List Industries v. Umina.

CourtDistrict Court, S.D. Ohio
DecidedJuly 12, 2021
Docket3:18-cv-00199
StatusUnknown

This text of List Industries v. Umina. (List Industries v. Umina.) is published on Counsel Stack Legal Research, covering District Court, S.D. Ohio primary law. Counsel Stack provides free access to over 12 million legal documents including statutes, case law, regulations, and constitutions.

Bluebook
List Industries v. Umina., (S.D. Ohio 2021).

Opinion

UNITED STATES DISTRICT COURT FOR THE SOUTHERN DISTRICT OF OHIO WESTERN DIVISION AT DAYTON

LIST INDUSTRIES, INC., : : Plaintiff, : Case No. 3:18-cv-199 : v. : Judge Thomas M. Rose : DEAN SCOTT UMINA, et al., : : Defendants. : ______________________________________________________________________________

ENTRY AND ORDER DENYING MOTION FOR SUMMARY JUDGMENT OF DEFENDANT DEAN SCOTT UMINA (DOC. NOS. 51 AND 52) AND DENYING MOTION FOR SUMMARY JUDGMENT OF DEFENDANT TOP TIER STORAGE PRODUCTS, LLC (DOC. NO. 53) ______________________________________________________________________________

Plaintiff List Industries, Inc. (“List”) brings three claims in this diversity case: (1) violation of the Ohio Uniform Trade Secrets Act (“OUTSA”); (2) breach of contract; and (3) spoliation. (Doc. No. 35.) All three claims are brought against Defendant Dean Scott Umina (“Umina”), while only the first and third are brought against Defendant Top Tier Storage Products, LLC (“Top Tier”). Pending before the Court are two related motions for summary judgment, one filed by Umina (Doc. Nos. 51 and 52) and the other filed by Top Tier (Doc. No. 53) (collectively, the “Motions”).1 In the Motions, the Defendants move for an order granting summary judgment on all claims against them, pursuant to Federal Rule of Civil Procedure 65. In response, List argues that the Court must deny the Motions because there are disputed issues of material fact. As explained below, the Court finds that all of the claims survive, although certain documents cannot support the trade secret claim. The Court DENIES the Motions.

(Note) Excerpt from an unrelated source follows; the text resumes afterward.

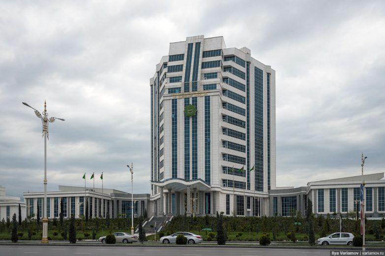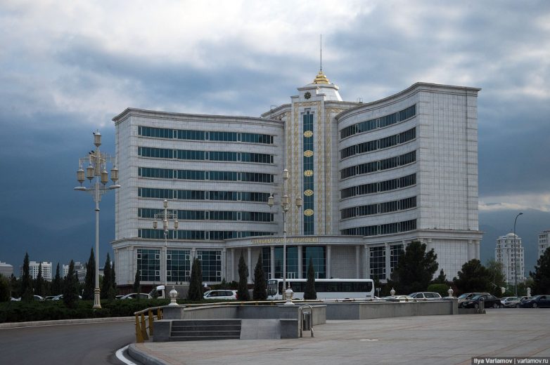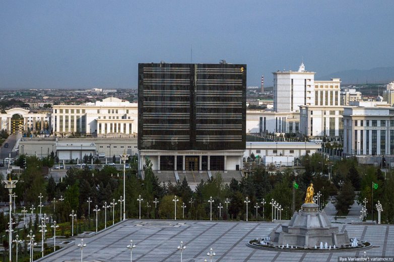 Некоторые здания построены в стиле «Сбербанк». Каждый житель России знает, что самое уродливое и бездарное здание в любом городе — это центральный офис Сбербанка. Примитивное и нелепое сочетание объемов, цветное зеркальное остекление – всё это хорошо нам знакомо. Зараза просочилась и в Ашхабад.

1 Throughout this order, the Court will refer to Umina and Top Tier, collectively, as the Defendants. I. BACKGROUND 2 A. List Acquires the Midwest Entities in 2010 List was founded in approximately 1936 and, among other things, is involved in the business of manufacturing and distributing storage lockers and other storage products. (Doc. No. 49 at PageID 2184.) Similarly, the Midwest Entities3 assembled and sold lockers and other

industrial storage products. (Doc. No. 35 at PageID 409; Doc. No. 46 at PageID 630.) Umina was one of the owners of the Midwest Entities. (Doc. No. 46 at PageID 632.) Thom Champa, List’s Senior Vice President of Sales and Marketing, saw value in List acquiring the Midwest Entities’ customer base because the Midwest Entities “were long established” on the industrial side of the business in Indiana, Kentucky, Pennsylvania, and Illinois, and had “expanded their customer base coast to coast.” (Doc. No. 50 at PageID 2700, 2705-06.) In 2010, List and the Midwest Entities executed a Purchase and Sale Agreement (the “PSA”). (Doc. No. 49-2.) The PSA became fully executed on August 13, 2010. (See id. at PageID 2240, 2242-43.) Through the PSA, List (the Buyer) purchased the real property and substantially all of the assets of the Midwest Entities (the Sellers). (Id.) Among other provisions and exhibits,

the PSA states the following: … RECITALS … Buyer desires to purchase and Sellers desire to sell to Buyer, (i) the Real Property, and (ii) all or substantially all of the assets of the Business, as more particularly described herein, in accordance with and subject to the terms, conditions and provisions hereinafter set forth. …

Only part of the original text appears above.